In accordance with the need to decrease energy usage under low oxygen conditions, hypoxia induces cell-cycle arrest[31]. Cell-cycle arrest is regulated by complex interactions between cyclins, cyclin-dependent kinases (CDKs), and cyclin-dependent kinase inhibitors (CKIs)[32]. p27kip1 is a CKI that regulates progression from G1 to S phase by inhibiting a variety of cyclin-CDK complexes. It has been shown that p27kip1 expression is strongly reduced in endometrial cancer[33,34]. In a recent study on cell cycle regulation during endometrial carcinogenesis[23], p27kip1 protein was re-expressed in necrotic (i.e. hypoxic) areas of endometrial carcinomas. We showed that p27kip1 re-expression by hypoxia was HIF-1α-dependent and led to cell cycle arrest. This possibly contributes to survival of cancer cells in hypoxic parts of the tumour[35].

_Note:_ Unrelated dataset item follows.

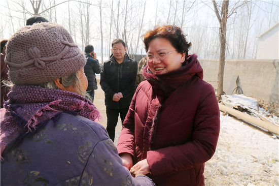 2018年5月11日,張穎波在看望大新鎮(zhèn)陳樓村的困難群眾吳鳳蓮時(shí),曾對(duì)她說過一句話,“等你新房蓋好,我再來看你。”76歲的吳鳳蓮把這句話牢牢地記在了心里。一見張穎波的面,拉著手留著淚連聲說:“俺家房早就蓋好了,就一直盼著恁來。我知道恁忙,可就想讓恁看看俺的房……”老人和一位患病的兒子一起生活,去年5月份張穎波來時(shí),她家正因“危房清零”活動(dòng)而扒掉舊房蓋新房。張穎波當(dāng)時(shí)還特意滿足了老人的一個(gè)愿望,安排村干部為她家房內(nèi)專門壘個(gè)隔斷?!拔遥罚岸嗔?,從來沒住過這么好的房、從來沒過過這么好的日子!”新建的三間磚瓦房、一間配套齊全的廚房和壘好的院墻讓老人感慨不已,發(fā)自肺腑地說著黨和政府的好。“老人家,我今天就是想看看房子改造的怎樣,也給你拜個(gè)早年?!睆埛f波拉著吳鳳蓮老人的手說:“房子蓋好了,也算了了你的一個(gè)心愿,有黨和政府的幫助,日子會(huì)越來越好。你要照顧好自己和孩子,有啥困難就找村里干部。”

Several studies demonstrated that loss of the p27kip1 protein, as assessed by immunohistochemistry, is a negative prognostic marker in malignancies[36,37]. However, the prognostic importance of HIF-1α induced re-expression of p27kip1 is not known. Loss of p27kip1 expression in endometrial carcinoma did not seem to correlate with worse prognosis in previous studies[38,39].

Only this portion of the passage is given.